= Charles Lipson =

American professor emeritus of political science ar University of Chicago

Charles H. Lipson (born February 1, 1948) is an American political scientist who is professor emeritus of political science at the University of Chicago. His areas of specialization include international relations, international political economy and modern international history.

==Education==
Born and raised in Marks, Mississippi, Lipson attended Yale as an undergraduate, where he studied Political Science and Economics. He received a Master of Arts degree and a doctoral degree from Harvard University.

While studying at Harvard, Lipson won the Chase Prize for the best essay on a subject relating to the promotion of world peace.

==Career==
Charles Lipson has taught at the University of Chicago since 1977. His research focuses on international cooperation and conflict and political aspects of international trade, debt, and investment. In addition to his political science publications, Lipson writes books on academic integrity, adjusting to college and doing research that are broadly applicable to students of all academic interests.

Lipson is the co-founder and director of the Program on International Politics, Economics, and Security (PIPES), a weekly workshop for graduate students to discuss research issues in international politics.

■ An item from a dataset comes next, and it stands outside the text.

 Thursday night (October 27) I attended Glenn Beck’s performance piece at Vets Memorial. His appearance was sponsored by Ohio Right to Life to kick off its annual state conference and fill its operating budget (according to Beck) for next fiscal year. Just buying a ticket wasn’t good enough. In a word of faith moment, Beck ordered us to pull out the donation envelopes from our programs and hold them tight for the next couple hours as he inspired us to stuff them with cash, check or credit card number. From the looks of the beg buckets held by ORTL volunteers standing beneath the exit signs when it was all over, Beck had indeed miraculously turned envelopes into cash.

In 1991, he served as the Secretary of the American Political Science Association

==Publications==

===Books===

| Book | Year | Type | Published | ISBN |
|---|---|---|---|---|
| Standing Guard: Protecting Foreign Capital in the Nineteenth and Twentieth Centuries | 1985 | Non-fiction | University of California Press | 978-0520034686 |
| Reliable Partners: How Democracies Have Made a Separate Peace | 2003 | Non-fiction | Princeton University Press | 978-0691113906 |
| How to Write a BA Thesis: A Practical Guide from Your First Ideas to Your Finished Paper | 2005 | Non-fiction | University of Chicago Press | 978-0226484648 |
| Doing Honest Work in College: How to Prepare Citations, Avoid Plagiarism, and Achieve Real Academic Success 2nd ed. | 2008 | Non-fiction | University of Chicago Press | 978-0226484778 |
| Cite Right: A Quick Guide to Citation Styles—MLA, APA, Chicago, the Sciences, Professions, and More2nd ed | 2011 | Non-fiction | University Of Chicago Press | 978-0226484648 |

In the book, Reliable Partners: How Democracies Have Made a Separate Peace (2003), Lipson examines "why democracies do not fight wars against each other."

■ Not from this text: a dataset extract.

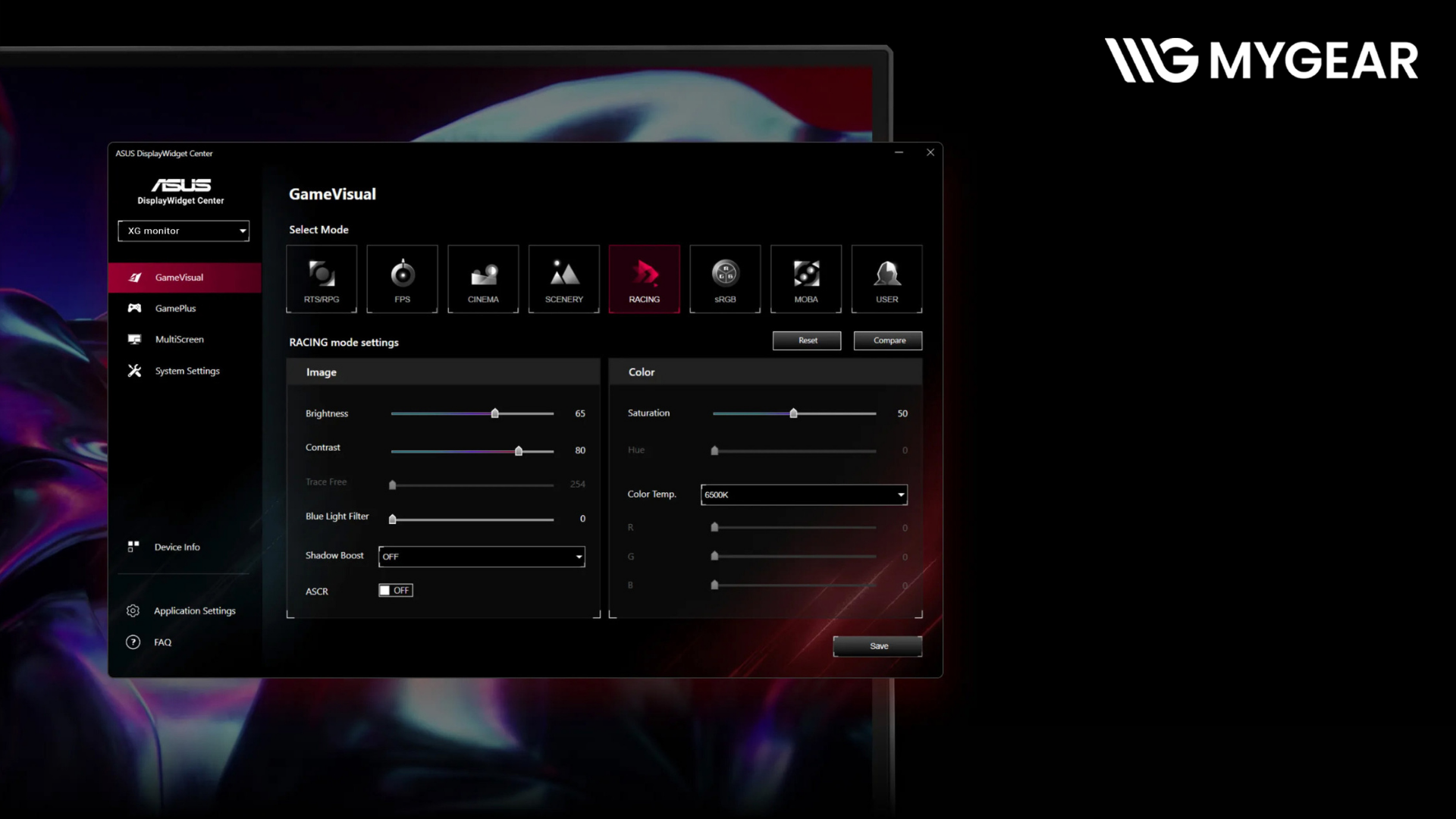 Một trong những điểm mạnh của màn hình Gaming Asus ROG Strix XG259CMS là bộ công nghệ AI Game Plus. Shadow Boost giúp làm sáng vùng tối mà không làm cháy sáng tổng thể. GameVisual và GamePlus hỗ trợ nhiều chế độ hiển thị tối ưu theo từng thể loại game. DisplayWidget Center cho phép điều chỉnh thông số màn hình trực tiếp trên Windows, giúp thao tác nhanh và tiện lợi.

Lipson has also edited several books on international politics:

- Rational Design of International Institutions, ed. by Barbara Koremenos, Charles Lipson, and Duncan Snidal (Cambridge: Cambridge University Press, 2004).
- Theory and Structure in International Political Economy: An International Organization Reader, ed. by Charles Lipson and Benjamin J. Cohen (Cambridge, MA: MIT Press, 1999)
- Issues and Agents in International Political Economy: An International Organization Reader, ed. by Benjamin J. Cohen and Charles Lipson (Cambridge, MA: MIT Press, 1999)

===Editorials===
Lipson has contributed editorials to the Chicago Tribune.

==Media appearances==
In 2013, Lipson frequently appeared as a guest on Beyond the Beltway with Bruce DuMont, a nationally syndicated radio show that provides listeners with weekly political discussions. He also appeared on Pritzker Military Presents Front & Center in 2004.

==Awards==
In 2011, Lipson received the Quantrell Award for Excellence in Undergraduate Teaching from the University of Chicago.